[Records from a collection]

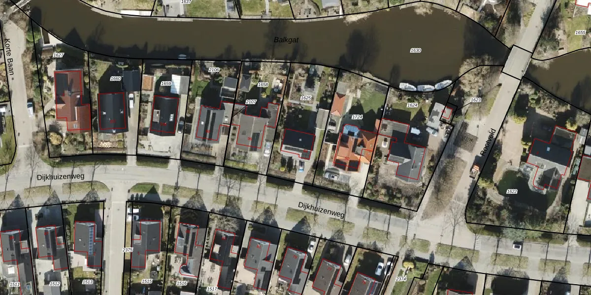 Gebruik de zoekbalk of klik op een perceel voor informatie over de adressen binnen dit perceel.
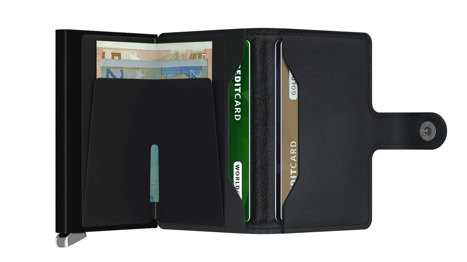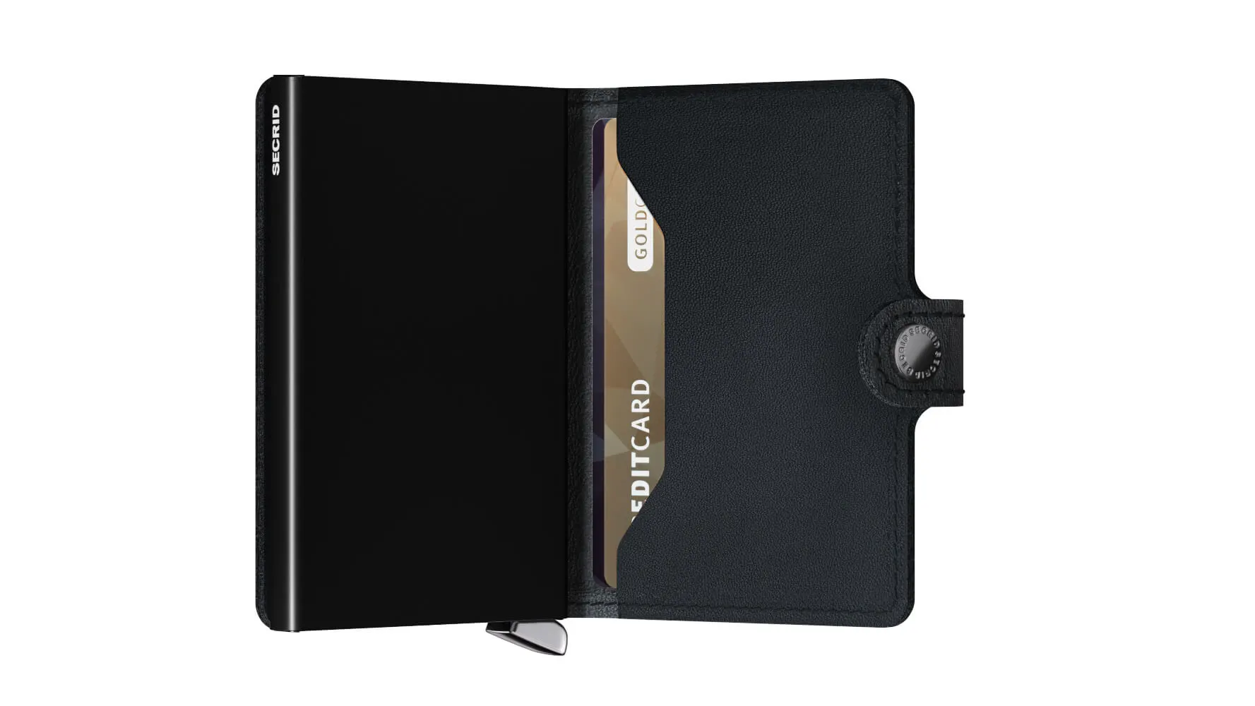Small in size and surprisingly large in storage capacity, the Mini Wallet by SECRID combines the best of both worlds. The exterior holds banknotes, receipt and cards, while the aluminium Cardprotector allows you to slide out cards with one simple motion and protects them from bending, breaking and unwanted wireless communication.
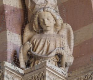 Halbfigur eines Engels auf einer rechteckigen Platte. Es handelt sich um einen von sechs Engeln, auf einem Absatz des zur Eingangspforte hin abgestuften Rundbogens des Hauptportals des Domes von Speyer, mit Schriftband. Der Engel steht auf der linken Seite vor dem Bronzeportal. Er ist in eine faltenreiche Tunika gekleidet, die in der Hüfte gegürtet ist. Der Halsausschnitt des Kleides ist eckig und gesäumt von einem breiten Zierband. Seine Haare sind nackenlang und in der Mitte gescheitelt. Die nach oben gekämmten, gewellten Haare umgeben das Haupt kranzartig. Der Engel liest, den Blick auf das Schriftband gesenkt, das über seinem rechten Arm liegt und das er mit der linken Hand festhält. Vermutlich handelt es sich bei dem lesenden Engel um den Abguss einer Figur, die der Bildhauer Josef Gasser gefertigt hat. Die in Stein gefertigte Skultur befindet sich im Speyerer Dom.
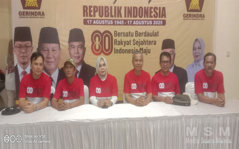 Senin 18 Agustus 2025 .//Dalam Penyampaian Ketua DPC,(H. Pipih Supriati Menerangkan Ke awak Media, alhamdulilah Hari ini Bisa Mengadakan berbagai acara,Sesuai arahan kami dari partai Gerindra dapat kembali hadir di tengah Masyarakat untuk Memberikan pelayanan kesehatan gratis,dan memberikan paket Sembako Sebagai bentuk kepedulian kami.
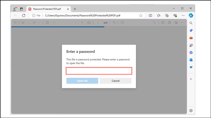 - Open the PDF document from which you want to remove the password using a browser like Chrome or Edge.
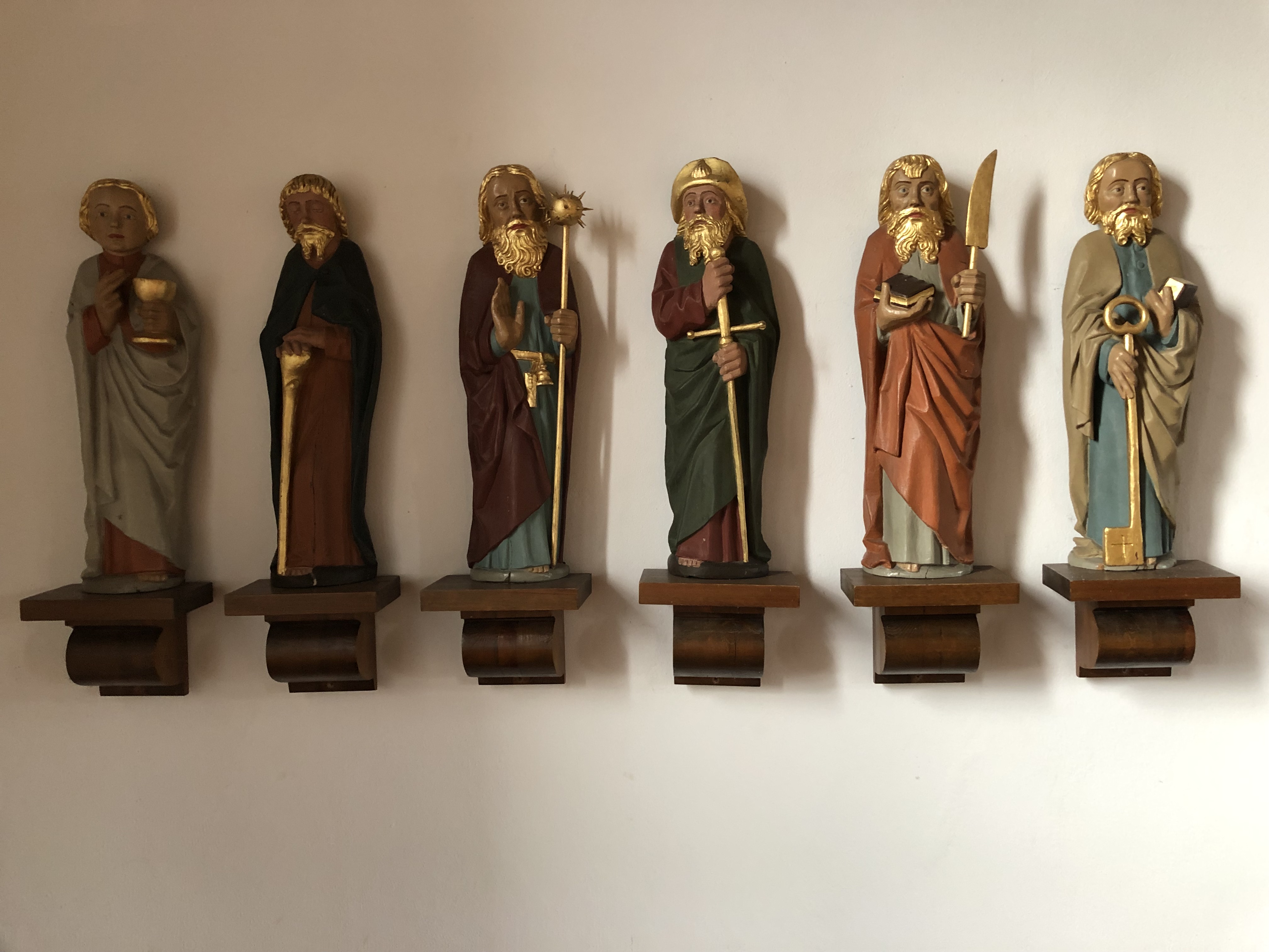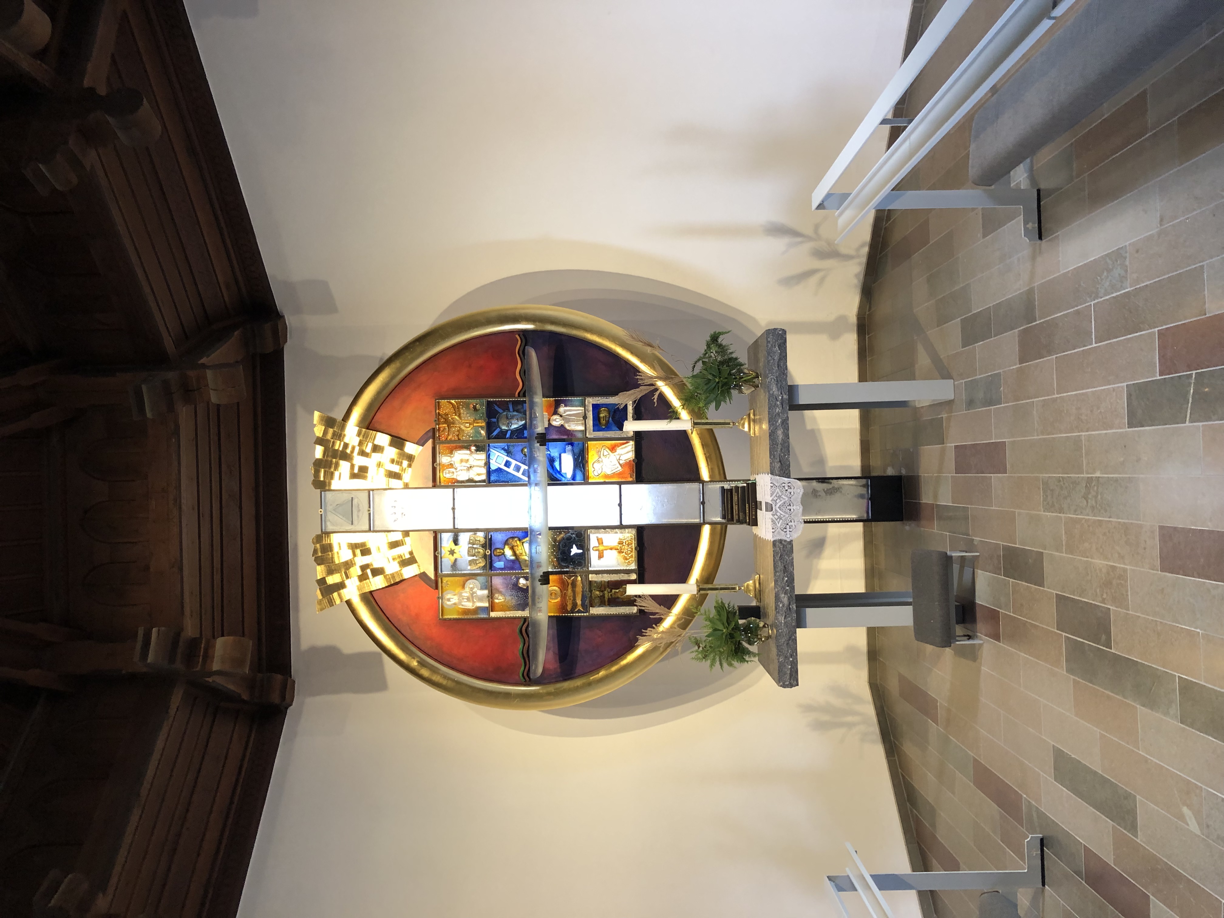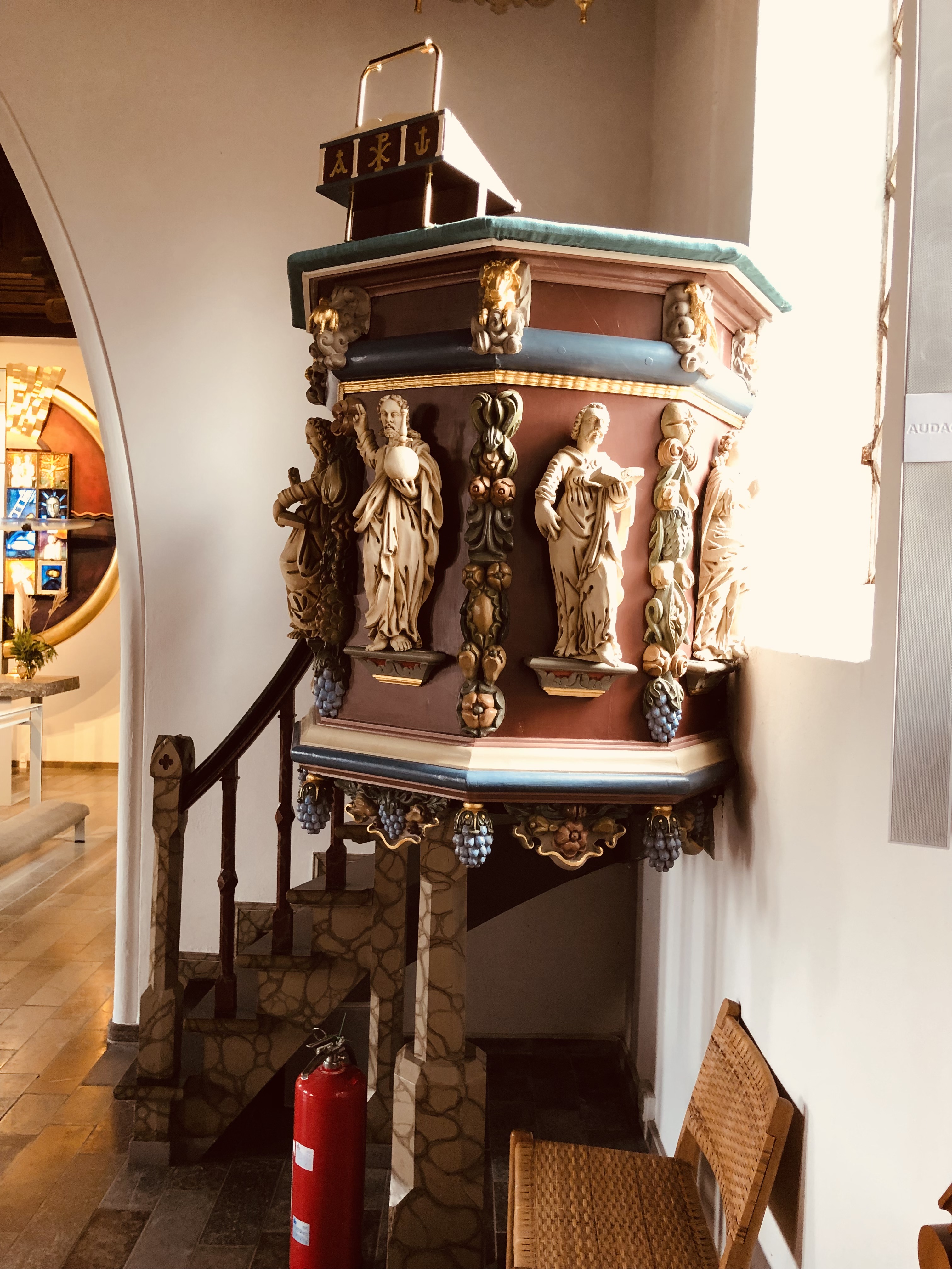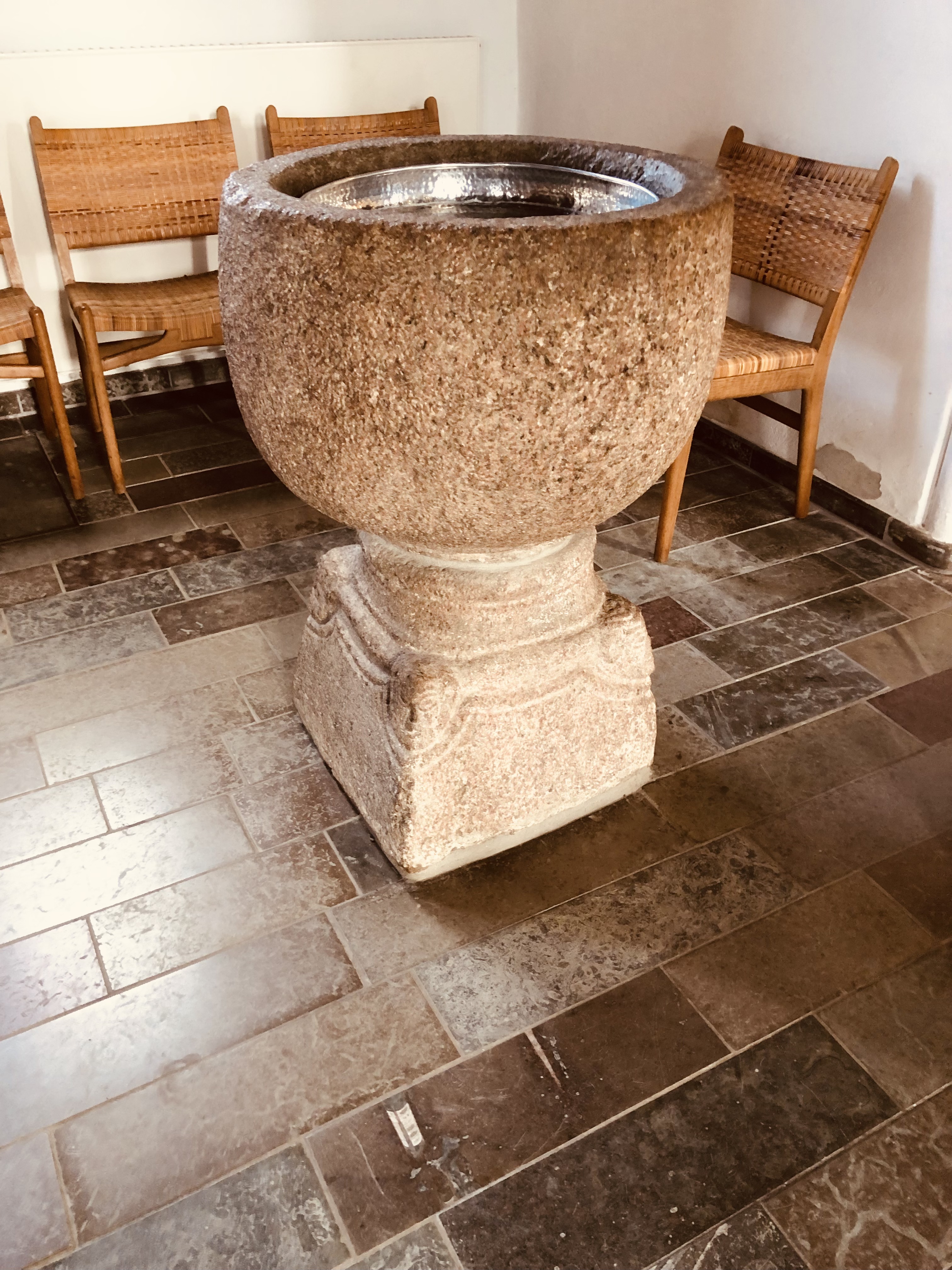 | Prædikestolen (o. 1675) er fra den tidl. kirke. | Altertavlens glasmosaik "Mod lyset" af Bertel Vallien er fra 2017. | Romansk døbefont, kirkens ældste inventarstykke. | Dåbsfadet på væggen er sydtysk fra o. 1550-75. |

◆ Your goal
Given the records above, return the lines starting at the one that holds "Small in size" and ending at the one that holds "Halbfigur eines Engels", exactly, and nothing besides; leave every picture out.

◆ Result for this exercise
Small in size and surprisingly large in storage capacity, the Mini Wallet by SECRID combines the best of both worlds. The exterior holds banknotes, receipt and cards, while the aluminium Cardprotector allows you to slide out cards with one simple motion and protects them from bending, breaking and unwanted wireless communication.
 Halbfigur eines Engels auf einer rechteckigen Platte. Es handelt sich um einen von sechs Engeln, auf einem Absatz des zur Eingangspforte hin abgestuften Rundbogens des Hauptportals des Domes von Speyer, mit Schriftband. Der Engel steht auf der linken Seite vor dem Bronzeportal. Er ist in eine faltenreiche Tunika gekleidet, die in der Hüfte gegürtet ist. Der Halsausschnitt des Kleides ist eckig und gesäumt von einem breiten Zierband. Seine Haare sind nackenlang und in der Mitte gescheitelt. Die nach oben gekämmten, gewellten Haare umgeben das Haupt kranzartig. Der Engel liest, den Blick auf das Schriftband gesenkt, das über seinem rechten Arm liegt und das er mit der linken Hand festhält. Vermutlich handelt es sich bei dem lesenden Engel um den Abguss einer Figur, die der Bildhauer Josef Gasser gefertigt hat. Die in Stein gefertigte Skultur befindet sich im Speyerer Dom.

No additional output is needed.